=== TASK DESCRIPTION ===
From the line containing "As shown in" through the last line of the data, both ends included, write out every line exactly; omit the pictures.

=== PROVIDED MATERIAL ===
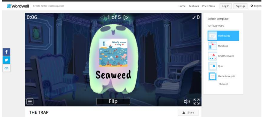
Figure 1. Wordwall: The Trap

As shown in Figure 1 and 2, the learning material which was designed by the pre-service teachers is flashcards of pictures and words about "sea creatures". The flashcards can be flipped by clicking the cursor. The flashcards is used in matching game which allows students to match the pictures with the words. Should the pictures match with the words, the students need to click \checkmark . Meanwhile, when the pictures do not match with the words, students need to click X.
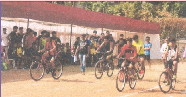
Slow and steady wins the race. (Slow Cycle Race)
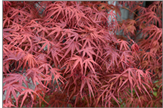
Beni Otake Japanese Maple foliage

=== TASK RESPONSE ===
As shown in Figure 1 and 2, the learning material which was designed by the pre-service teachers is flashcards of pictures and words about "sea creatures". The flashcards can be flipped by clicking the cursor. The flashcards is used in matching game which allows students to match the pictures with the words. Should the pictures match with the words, the students need to click \checkmark . Meanwhile, when the pictures do not match with the words, students need to click X.
Slow and steady wins the race. (Slow Cycle Race)
Beni Otake Japanese Maple foliage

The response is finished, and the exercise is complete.